Wednesday of the Twenty-eighth Week in Ordinary Time
Students of Homer who have spent glorious hours pondering over the Iliad recall the consequences of an unbalanced life. For the Greeks, everyman (the work was written in less aware times) strove for a virtue called areté which is best understood as the striving for excellence and moral virtue. Greatness, however, should be seen in acts, not in words and the Greeks believed in a power in the universe that leveled those who bragged and publicized their inflated abilities. This bragging was called hubris and too much hubris got you nemesis, which in Greek terms meant that someone in your family (usually your wife or son) killed you by the end of the story. So the Greek ideal was to run the Marathon, swim part of the Aegean, and then pick up the kids from day care and afterwards comment that you could have done better in the race.

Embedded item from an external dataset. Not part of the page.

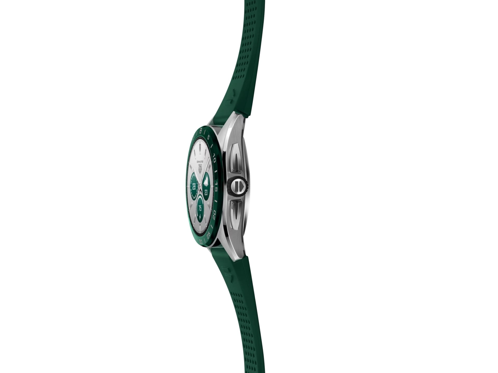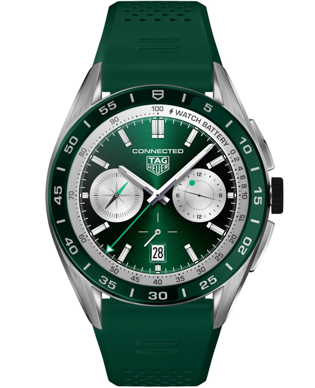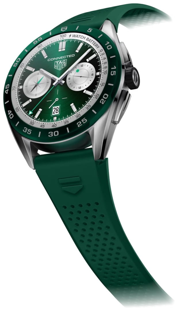 Лимитированные швейцарские смарт-часы TAG Heuer Connected SBR8A14.BT6317, оснащенные передовыми технологиями. Класс водозащиты: 50 метров, позволит защитить корпус от случайных брызг или капель дождя. Корпус часов изготовлен из нержавеющей стали. Неподвижный безельБезельВнешний ободок, закрепляющий стекло. В спортивных часах так называется поворотное кольцо с делениями на циферблате, выполняет роль таймера – замеряет отрезки времени на шкале. Неподвижный безель – элемент декора. Однонаправленно вращающийся безель на дайверских часах позволяет фиксировать моменты погружения и выныривания на поверхность. из керамики. Ремешок из каучука с раскладной застёжкойРаскладная застёжкаТакой тип застёжки используется только на браслетах из металла. Она никогда не раскрывается полностью, происходит разделение на 2 и более частей. Раскладывающая застёжка снизит вероятность потери часов к минимуму.. В комплект входит зарядная док-станция с кабелем USB-C и блоком питания.

In today’s readings Jesus lets those who speak highly of themselves or take the best places know that the only ones fooled by such hubris are themselves. “Woe to you” Jesus says of those who claim a superior moral virtue because of pious actions. As we read in the first reading from Romans
…for the day of wrath and revelation
of the just judgment of God,
who will repay everyone according to his works,
eternal life to those who seek glory, honor, and immortality
through perseverance in good works,
but wrath and fury to those who selfishly disobey the truth
and obey wickedness.
So, as Paul says for either Greek or Jew, it is just best to allow virtue to dispense her awards in her own good time and not worry about paying for publicity about the greatness of one’s actions.